=== TASK REQUIREMENTS ===
Transcribe exactly the lines below that begin at the line with "The 2011 meeting" and stop after the line with "Figure 3 Considerable", leaving out every picture.
________________________
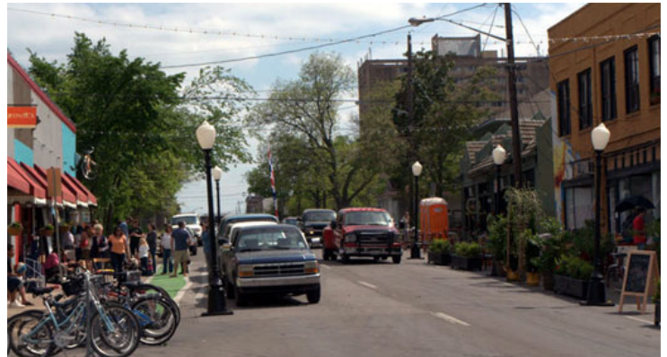
Before and after: Dallas Build a Better Block
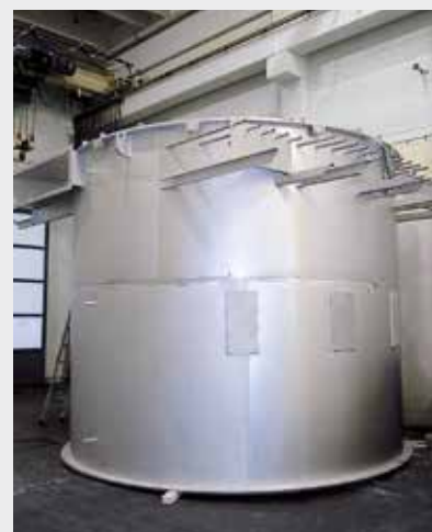
After treatment with Antox®: clean tank
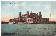
Ellis Island, New York.
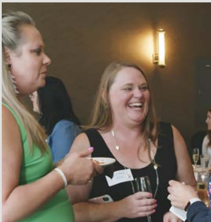
"A borderless membership-based program delivering educational content, career development targeted in the ag-energy sustainability sectors, and exclusive networking benefits for the women on your team leading in this emerging space."

Allow us to support your mission of advancing women's leadership roles in this space by making this YOUR initiative and sponsoring and sending employees to the group. Allow us to do the work to create the content, the network, the speakers, the value, and opportunity. All you need to do is provide a little bit of time and encouragement to team members and allow them to join.
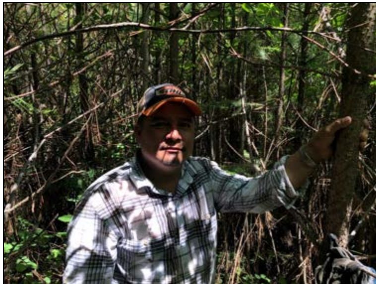
Foreman on the W.T. Wooten Wildlife Area precommercial thinning project is working in a particularly dense thicket of pine and hardwood brush

Wooten Wildlife Area Forest Thinning: Thinning and piling is complete along Tucannon Road, and nearly finished off Mountain Road on the Wooten Wildlife Area Precommercial Thinning Project. Slash piles along roadways will likely be burned this fall. Trees are now free to grow and should make beautiful pine stands until the next management entry. Stands on this project ranged from very dense thickets to moderately dense planted ponderosa pine plantations to roadside fuels reduction under established canopy.
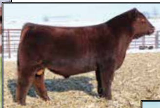
SULL Premium Reward 5087
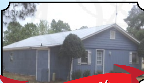
Clubhouse & Rally Area
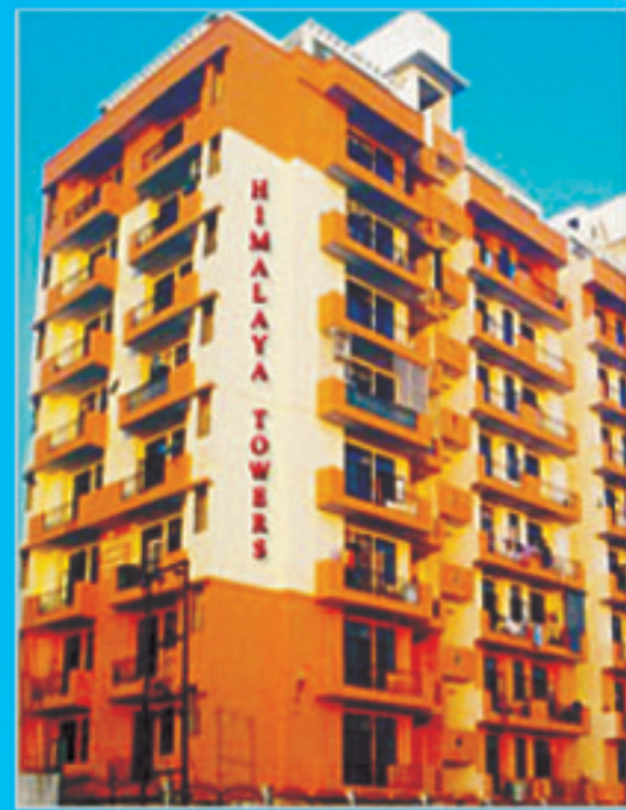
Himalaya Tower Indirapuram Near D.P.S. School Completed In March 2008
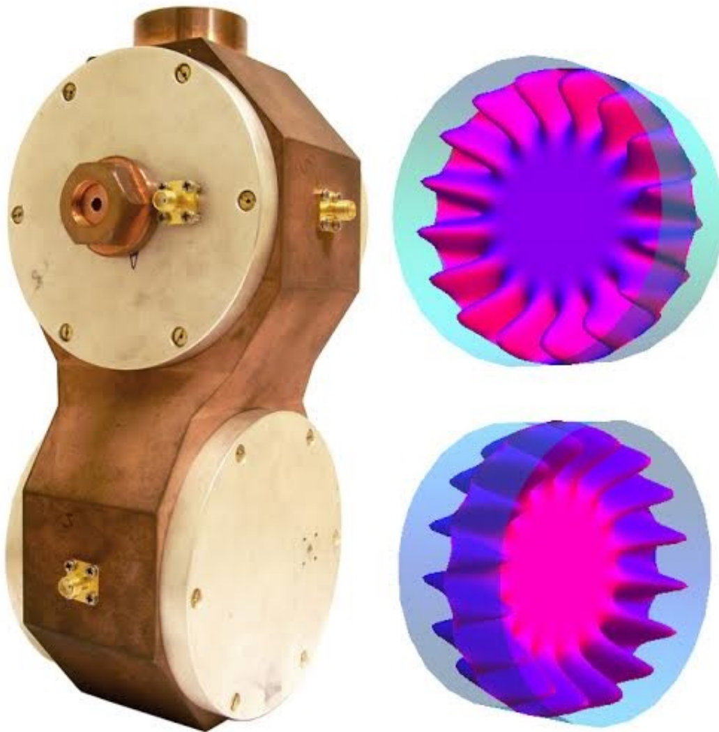
(Left) Photo of the orthogonal sapphire crystal mount, with (right) simulations of
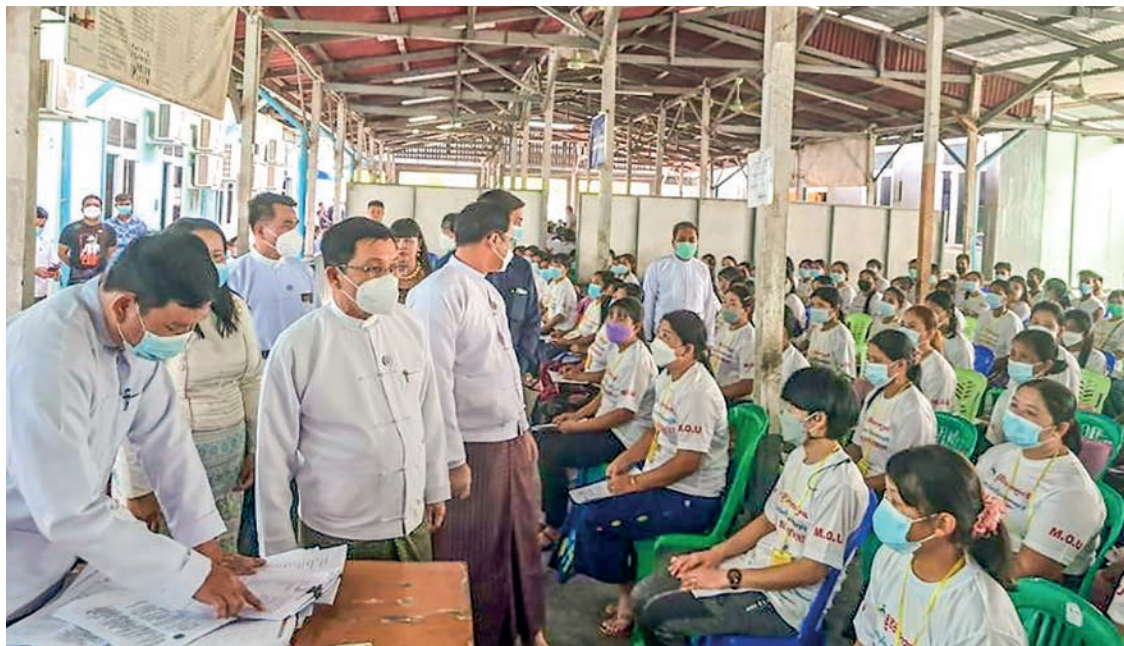
MoL Union Minister U Myint Kyaing inspects the signing of employment contracts.

THE application submission for the 2022 EPS-TOPIK exam will be accepted through the
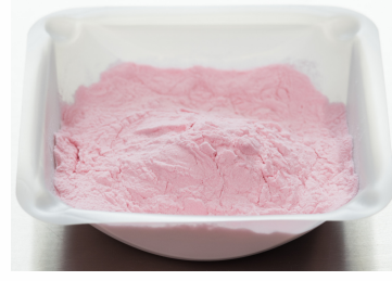
Vitamin B12 (Siyanokobalamin) SternVit B12
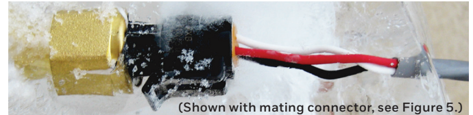
Figure 2. PX3 Series External Freeze/Thaw Resistance
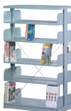
ST-E0112 915W x 521D x 1524H mm ST-E0112A EXTENSION UNIT
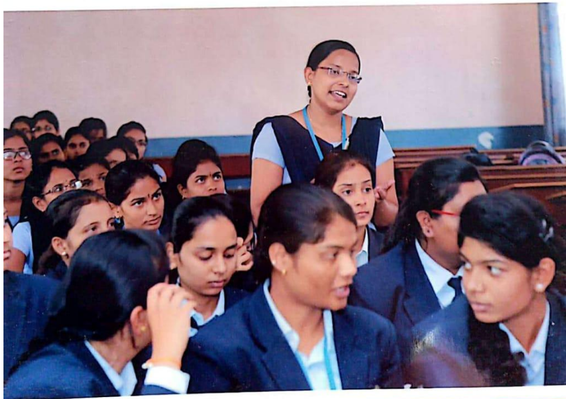
Interaction with the Students
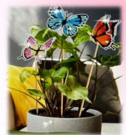
Butterfly Diamond Stakes
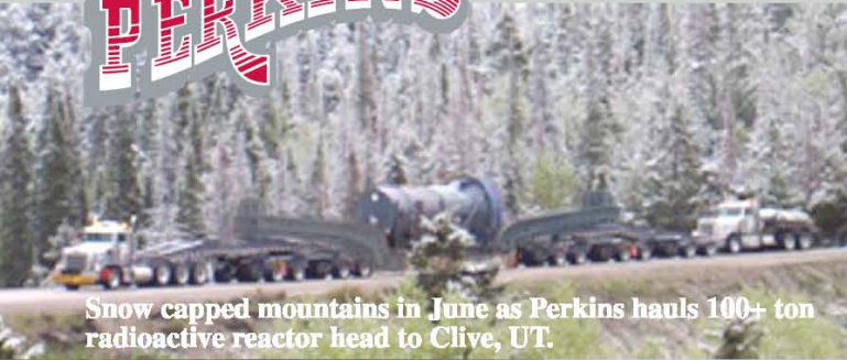
Snow capped mountains in June as Perkins hauls 100+ ton radioactive reactor head to Clive, UT.

“Elvis has left the building”—another radioactive reactor head leaves a Midwest power plant bound for burial in UT. Perkins has safely delivered 10 radioactive superloads to UT in the past year.
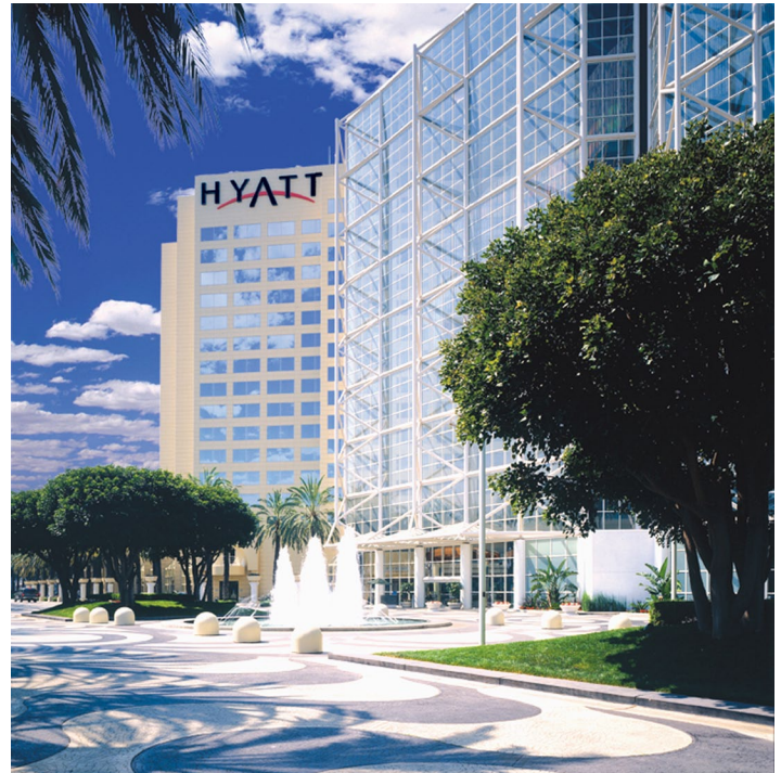
The 2011 meeting will be held in Orange County, California
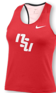
NIKE DIGITAL FAST AIRBORNE TOP CV3647 Page 7
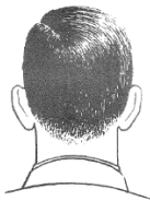
TAPER TRIMMED HAIRCUT CONVENTIONAL COUPE DE CHEVEUX MARIÉE CONVENSIONNELLE
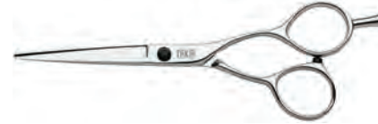
• OXALIS (5.5") 320€
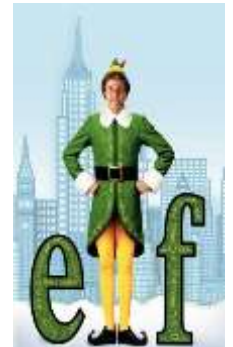
Saturday, Dec. 28
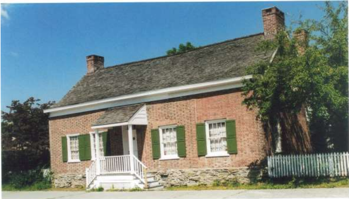
The Glebe House Poughkeepsie, New York
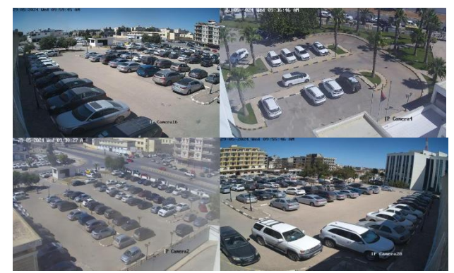
Figure1 Photos of the obtained surveillance footage

After preprocessing, the system employs a YOLO to detect and locate vehicles within each video frame. The model analyzes each frame to identify vehicle positions and labels them accordingly.
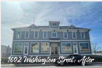
1602 Washington Street: After
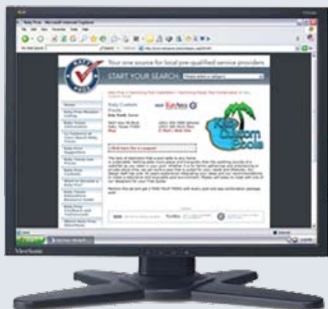
It is easy to find what you need on Katy Pros' site
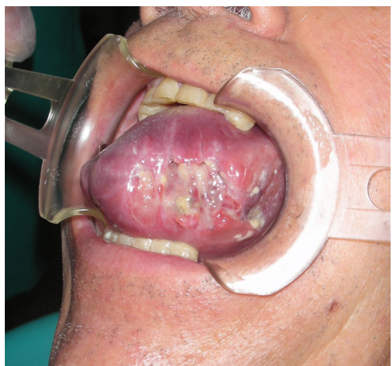
Figure 3 Considerable volumetric increase of the tongue.

and symptoms, and a frequent and dangerous resemblance to benign orodental conditions. Obviously, these features are potentially responsible for an incorrect or late diagnosis and an underestimation of the pathology, thus drastically worsening the prognosis.
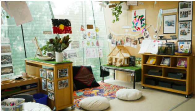
Surry Hills Neighbourhood Centre Long Day Care in Surry Hills, NSW 2010 | CareforKids.com.au
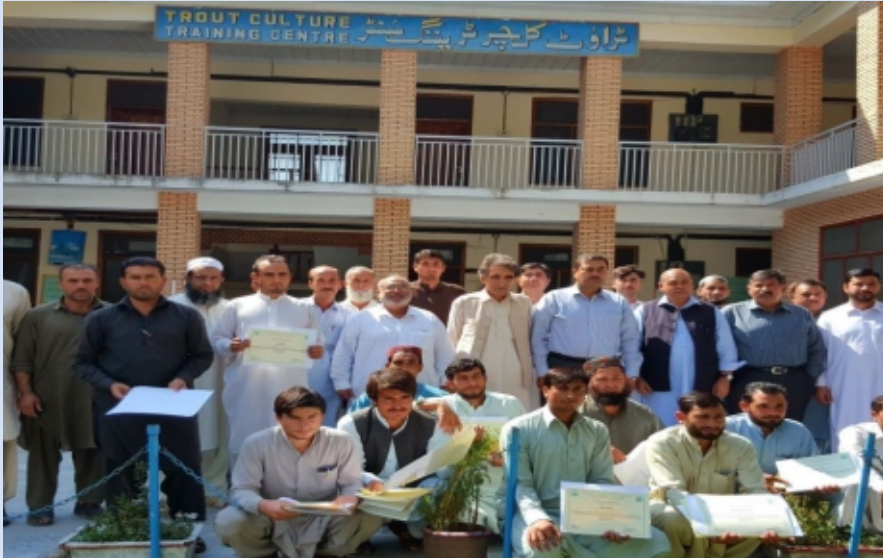
Group photo of participants of fisheries training with Chief Engineer (SR&E)

Dasu HPP, WAPDA has arranged one week training for Dasu affectees in the field of "Fish Farming/Fish Hatchery Management" from 21 st – 27 th September 2017 at Trout Culture and Training Center, Swat. The training was organized to improve the existing socio-economic condition and capacity building of Dasu affectees. Total 14 participants from project area have participated in this training.
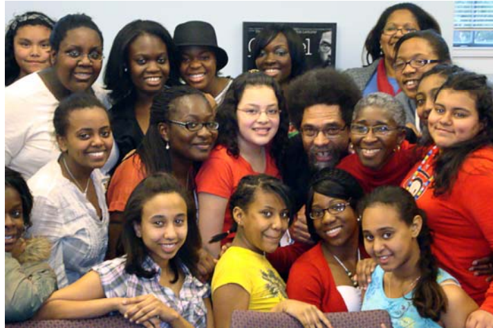
At Princeton University with Professor Cornel West

Located in Princeton, New Jersey, Princeton University is one of the most selective schools in the United States. Its renowned faculty includes Professor Cornel West, one of the
________________________
=== WRITTEN SOLUTION ===
The 2011 meeting will be held in Orange County, California
NIKE DIGITAL FAST AIRBORNE TOP CV3647 Page 7
TAPER TRIMMED HAIRCUT CONVENTIONAL COUPE DE CHEVEUX MARIÉE CONVENSIONNELLE
• OXALIS (5.5") 320€
Saturday, Dec. 28
The Glebe House Poughkeepsie, New York
Figure1 Photos of the obtained surveillance footage

After preprocessing, the system employs a YOLO to detect and locate vehicles within each video frame. The model analyzes each frame to identify vehicle positions and labels them accordingly.
1602 Washington Street: After
It is easy to find what you need on Katy Pros' site
Figure 3 Considerable volumetric increase of the tongue.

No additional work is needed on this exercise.